■ TASK OBJECTIVE: Copy nothing before the line containing "Ta popolnoma funkcionalna". Reproduce that line and all that follow, exactly, through the end of the records.

■ RECORDS SHOWN:
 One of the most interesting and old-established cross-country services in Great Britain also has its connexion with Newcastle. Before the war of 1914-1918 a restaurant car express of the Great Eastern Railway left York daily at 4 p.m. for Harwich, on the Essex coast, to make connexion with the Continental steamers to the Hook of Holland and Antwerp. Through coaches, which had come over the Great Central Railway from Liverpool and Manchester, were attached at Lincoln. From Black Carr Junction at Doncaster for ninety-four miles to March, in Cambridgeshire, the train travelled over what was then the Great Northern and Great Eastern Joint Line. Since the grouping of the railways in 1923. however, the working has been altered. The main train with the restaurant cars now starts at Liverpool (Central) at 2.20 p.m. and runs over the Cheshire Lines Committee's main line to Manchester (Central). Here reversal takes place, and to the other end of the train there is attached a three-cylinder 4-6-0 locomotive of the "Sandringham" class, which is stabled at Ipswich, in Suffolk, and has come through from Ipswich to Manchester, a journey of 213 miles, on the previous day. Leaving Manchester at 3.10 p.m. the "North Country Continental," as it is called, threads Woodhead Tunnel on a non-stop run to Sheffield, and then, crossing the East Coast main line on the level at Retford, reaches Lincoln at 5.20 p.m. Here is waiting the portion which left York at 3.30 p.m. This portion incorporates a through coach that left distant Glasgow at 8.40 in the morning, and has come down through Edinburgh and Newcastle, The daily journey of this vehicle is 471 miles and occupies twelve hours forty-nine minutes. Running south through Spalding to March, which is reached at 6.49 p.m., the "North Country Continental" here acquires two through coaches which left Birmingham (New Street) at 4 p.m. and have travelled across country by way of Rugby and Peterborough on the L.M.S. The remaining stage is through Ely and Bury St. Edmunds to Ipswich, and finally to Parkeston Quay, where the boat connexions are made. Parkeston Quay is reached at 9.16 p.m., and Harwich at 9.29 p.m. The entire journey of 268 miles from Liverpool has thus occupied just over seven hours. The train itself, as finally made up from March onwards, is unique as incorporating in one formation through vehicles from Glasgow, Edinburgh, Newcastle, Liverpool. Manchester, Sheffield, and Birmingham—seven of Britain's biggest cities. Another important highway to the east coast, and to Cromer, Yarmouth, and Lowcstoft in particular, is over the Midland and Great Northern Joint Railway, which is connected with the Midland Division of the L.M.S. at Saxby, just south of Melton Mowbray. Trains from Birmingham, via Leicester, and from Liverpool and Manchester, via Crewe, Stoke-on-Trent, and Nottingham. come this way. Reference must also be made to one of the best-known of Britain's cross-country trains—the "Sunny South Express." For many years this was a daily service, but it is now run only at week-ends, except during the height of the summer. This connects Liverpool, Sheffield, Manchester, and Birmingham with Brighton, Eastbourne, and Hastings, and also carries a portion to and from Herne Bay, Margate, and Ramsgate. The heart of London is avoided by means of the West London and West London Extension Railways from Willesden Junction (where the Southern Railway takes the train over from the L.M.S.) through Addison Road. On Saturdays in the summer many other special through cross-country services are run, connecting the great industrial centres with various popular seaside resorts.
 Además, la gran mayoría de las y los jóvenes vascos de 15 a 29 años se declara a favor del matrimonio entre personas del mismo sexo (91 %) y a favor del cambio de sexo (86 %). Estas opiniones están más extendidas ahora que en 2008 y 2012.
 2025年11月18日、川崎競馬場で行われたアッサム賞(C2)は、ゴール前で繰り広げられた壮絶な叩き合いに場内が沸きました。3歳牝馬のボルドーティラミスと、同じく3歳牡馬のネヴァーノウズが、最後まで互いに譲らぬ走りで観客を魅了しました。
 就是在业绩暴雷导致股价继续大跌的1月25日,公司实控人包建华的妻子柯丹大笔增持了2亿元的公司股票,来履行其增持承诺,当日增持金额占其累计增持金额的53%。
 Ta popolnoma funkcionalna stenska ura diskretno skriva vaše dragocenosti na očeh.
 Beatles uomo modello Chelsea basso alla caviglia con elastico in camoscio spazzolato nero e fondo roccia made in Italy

■ RESULT OF THE EXERCISE:
 Ta popolnoma funkcionalna stenska ura diskretno skriva vaše dragocenosti na očeh.
 Beatles uomo modello Chelsea basso alla caviglia con elastico in camoscio spazzolato nero e fondo roccia made in Italy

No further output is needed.